The additional 1% of tax, said Matt Dunn, the county's tourism chief, would bring in about an extra $500,000 per year to the $2 million raised by the other 4%, helping fund beach restoration. The county first imposed the surtax in 1986, at 2%, then added 1% in 2004, and another 1% in 2010.

The total collection has increased 24.6% over the past three years, Dunn said during the meeting.

"Every single year over the past three years we have had a record-breaking collection," Dunn said.

The tourist tax money is split between three different funds: a capital projects fund, a promotions fund and a beach restoration fund. 

Since 2010, the beach restoration fund has gotten the smallest share of the money — 11.25% — while 22.5% has been allocated for capital projects and 66.25% has been allocated for promotions. 

Under the Dunn proposal approved unanimously by the TDC Feb. 20, the portion of the money allotted to beach restoration would be 40% in the coming 2017-2018 fiscal year, then 30% the following year, and 20% the year after that and for following years.

That would bring in $1 million for the beach restoration fund in 2017-2018, then $750,000 in 2018-2919 and $500,000 in subsequent years. 
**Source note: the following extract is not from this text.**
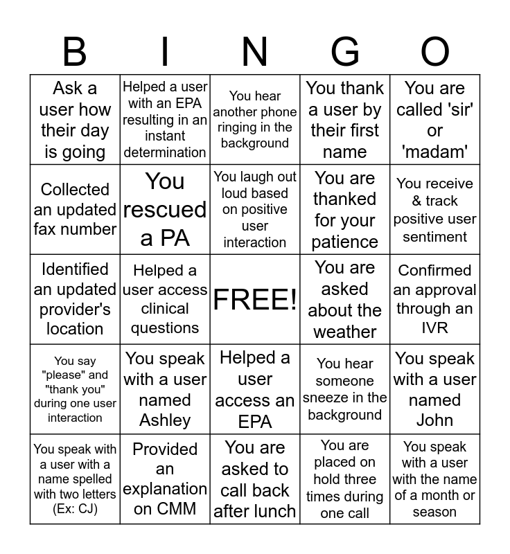 This bingo card has a free space and 24 words: You speak with a user named Ashley, Provided an explanation on CMM, You laugh out loud based on positive user interaction, You speak with a user with a name spelled with two letters (Ex: CJ), You are called 'sir' or 'madam', Ask a user how their day is going, Collected an updated fax number, Helped a user with an EPA resulting in an instant determination, You are asked about the weather, Helped a user access an EPA, You are thanked for your patience, Identified an updated provider's location, You hear someone sneeze in the background, You speak with a user named John, You rescued a PA, You are placed on hold three times during one call, Confirmed an approval through an IVR, You hear another phone ringing in the background, You receive & track positive user sentiment, Helped a user access clinical questions, You speak with a user with the name of a month or season, You say "please" and "thank you" during one user interaction, You thank a user by their first name and You are asked to call back after lunch.

In the first year, the capital projects fund would get no money and the promotions fund would get 60% ($1.5 million); in the second year, capital projects would get 10% ($250,000) and promotions would get 60% ($1.5 million); and in the third year and subsequent years, capital projects would get 20% ($500,000) and promotions would get 60% ($1.5 million).

The beach restoration money, County Administrator Craig Coffey said, at the meeting, could help the county match any potential matching grant that might come from the state to repair damage caused to local beaches by Hurricane Matthew. 

"We have some (Florida Department of Transportation) money, we have some, potentially, Army Corps (of Engineers) money; we're still struggling to get that funding," he said. "We are working on that, and if that falls through, we'll need more local funding in Flagler Beach to match up with this (Department of Environmental Protection) funding or other funding to make all of this work."

The County Commission will vote at its 9 a.m. March 6 hearing on whether to approve the additional 1%. The proposal requires the approval of a supermajority of four out of the five county commissioners in order to pass.